One Sixth of Gay Men May Be Infected

One Sixth of Gay Men May Be Infected

New city report says between 6 and 16 percent of gay, bi men have HIV

Between six and 16 percent of New York City men who have sex with men may be infected with HIV, the virus that causes AIDS, according to a draft report prepared by the city’s health department.

“This just does not bode well for New York City,” said Terri Smith-Caronia, director of New York City policy at Housing Works, an AIDS service organization. “This means our prevention efforts have been failing.”

The report estimated that there are 214,504 gay and bisexual men in the city and another 37,854 men who have sex with men, but do not identify as gay or bisexual.

While the range for HIV prevalence, or the percentage who are HIV positive, was the same for both populations—six to 16 percent—only 31 percent of the non-gay identified men have been tested for HIV since 2000 while 67 percent of the other group had taken a test, according to estimates in the report.

Dr. Lucia V. Torian, director of the HIV epidemiology program at the health department, said the estimates for men who have sex with men would likely remain the same in the final report.

“Those are pretty well substantiated,” Torian said.

Gary English, executive director of People of Color in Crisis, a Brooklyn AIDS service group, said the data demonstrate the need for more HIV prevention efforts.

“It shows that we need more prevention and more prevention resources in the community,” he said. “We need to have real prevention that makes sense to folks.”

Gay City News obtained a copy of the report, which was distributed on December 16 to members of the New York City Commission on HIV/AIDS, an advisory board created by Mayor Michael R. Bloomberg.

The newspaper was permitted to publish a story on the report by the source who provided a copy of the report on the condition that it contact the health department to correct any errors in the draft document.
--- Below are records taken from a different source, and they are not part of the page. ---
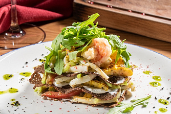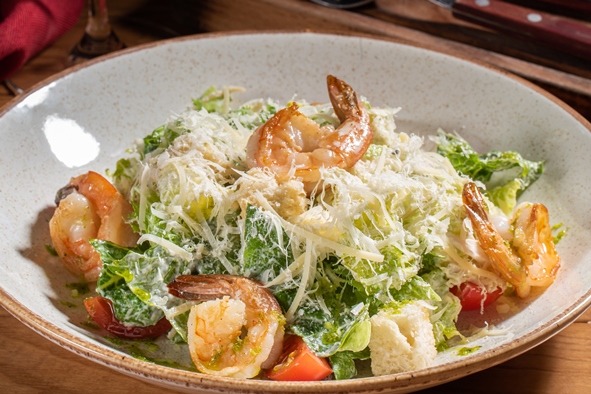 Салат Цезарь с двойными тигровыми креветками
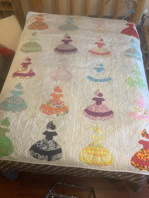 Photos shown on Queen size bed. Handmade, machine sewn & quilted with tulip & heart pattern.
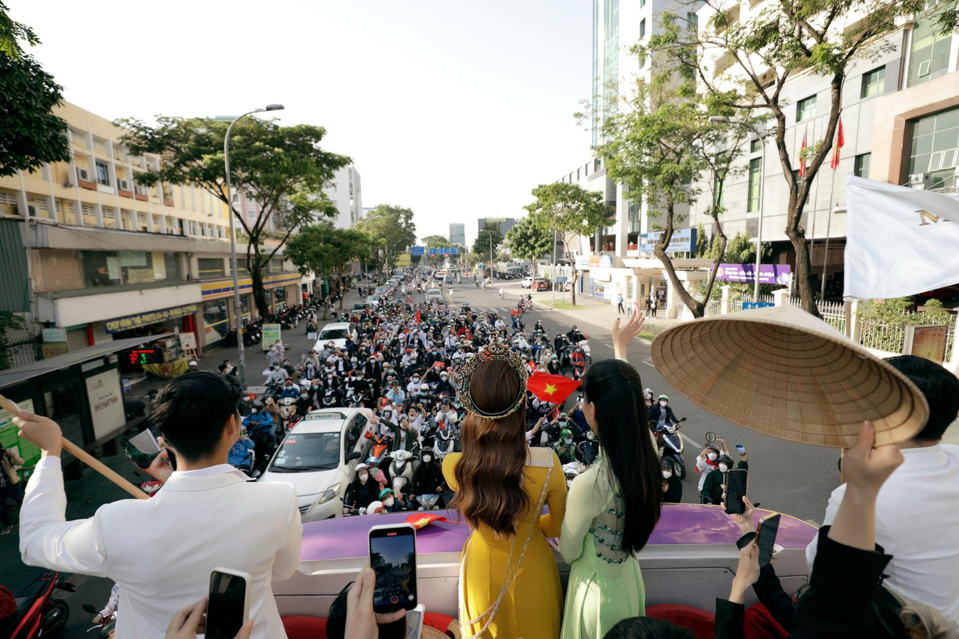 | Chiều ngày 11/1, Hoa hậu Hòa bình Quốc tế Nguyễn Thúc Thùy Tiên đã tham gia buổi roadshow (diễu hành đường phố) - hoạt động được rất nhiều người hâm mộ ở quê nhà chờ đợi. |
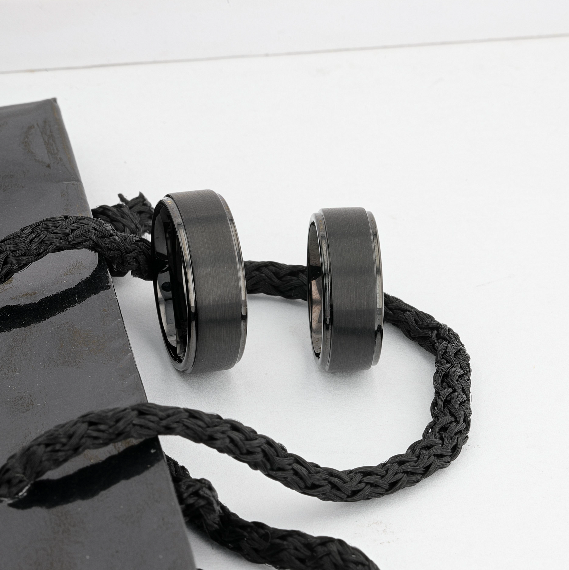 ORION Flat Black Tungsten Ring with Brushed Raised Center & Polished Step Edges - 6mm - 8mm
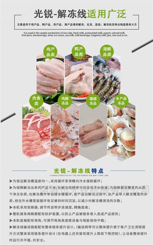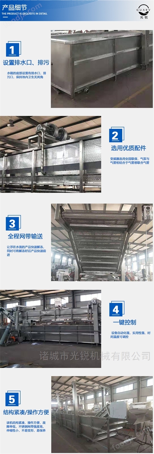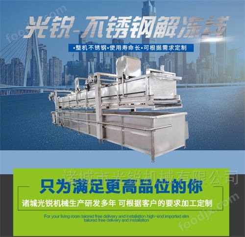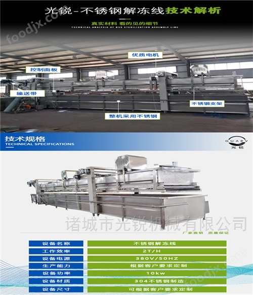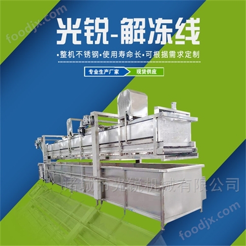 诸城市光锐机械有限公司解冻线可节约水资源,水可多次用于解冻多种产品;光锐机械解冻设备自动化程度高,节约人工,只要一个工人就可完成(1T/h-10T/h)的产量。
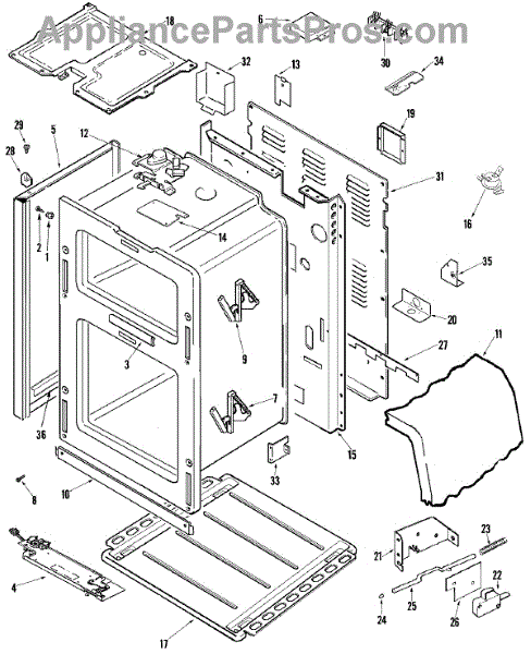 This factory screw secures appliance components to their mounting points. Replace missing, worn, or stripped hardware to restore a tight fit, proper alignment, and quieter operation across the affected assembly.
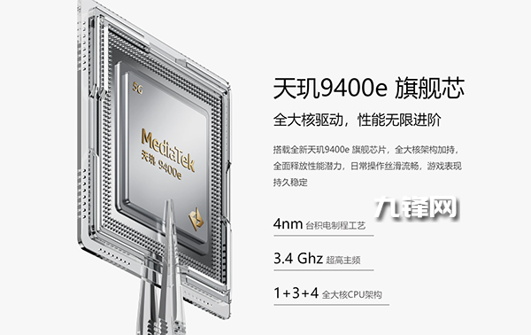 性能上搭載了聯(lián)發(fā)科次旗艦處理器天璣9400e,采用的是臺積電4nm制程工藝,與天璣9400同樣的全大核設(shè)計(jì),同樣的12核超大規(guī)模GPU,同樣的超大規(guī)模緩存,四顆最高3.4GHz的Cortex-X4超大核+四顆最高2.0GHz的Cortex-A720大核,搭配12核Immortalis-G720 GPU,擁有8MB L3緩存與10MC SLC緩存,滿足你對性能釋放的一切想象。

The report estimated that between one-hundredth of one percent and one percent of heterosexual women were HIV-positive and between one hundredth of one percent and 1.3 percent of heterosexual men were HIV positive. Although the numbers are small, the range of these estimates is extraordinarily wide.

Torian said that with more “parsing” of the data on HIV prevalence among heterosexuals that range might change in the final version of the report.

“The range is going to be much tighter,” she said.

That could also result in a reduction of the estimate of the total number of New Yorkers who are HIV-positive.

Thirty-three percent of the city’s heterosexual women and 31 percent of the heterosexual men have taken an HIV test since 2000, the report estimated.

The report noted that heterosexuals may not see themselves at risk of getting HIV and so they do not get tested.

“Among undiagnosed and unreported cases, the least is known about prevalence within the heterosexual population,” the report said. “The low overall proportion tested and the relative paucity of sero-surveillance and research data on heterosexuals presents a formidable challenge in generating these estimates.”

Smith-Caronia agreed that the heterosexual estimate was a flaw in the data, but she said the prevalence estimate among women was probably low. “These numbers are horrible,” she said. “I think these statistics are so incomplete or dirty that it’s difficult for me to react.”

The report estimated that there are 162,500 injecting drug users in the city and the HIV prevalence among them ranged from ten to 20 percent.

An estimated 92 percent of the 138,025 users who are “in services” have taken an HIV test since 2000 while none of the 24,375 who are “not in services” have been tested.

“In services” is defined as getting drug treatment or service “where HIV risk reduction interventions are provided and HIV testing is routine.”

The report also noted that in 2002, 26 percent of the new HIV diagnoses were in people who already met the clinical definition of AIDS. That suggests those individuals had been infected for years and were unaware of their status.

“That is the biggest chunk of the failure.” Smith-Caronia said.

The number of people in the city and nationwide who get an HIV and AIDS diagnosis simultaneously has remained stable for the past decade at roughly 25 percent of new diagnoses, according to the report.

Dr. Thomas R. Frieden, the city’s health commissioner, has repeatedly expressed alarm about these concurrent HIV-AIDS diagnoses, most recently at the December 1 event announcing the creation of the commission. Advocates and the city agreed that the report points up the need for greater efforts at prevention and HIV testing.

“New York City has a high burden of HIV and AIDS,” Torian said. “The AIDS case rates continue to decline, not fast enough, deaths continue to decline, not fast enough.”

Dennis deLeon, president of the Latino Commission on AIDS, said “It just underscores the need for more aggressive and more creative outreach for testing and connecting people who test positive to social and medical services.”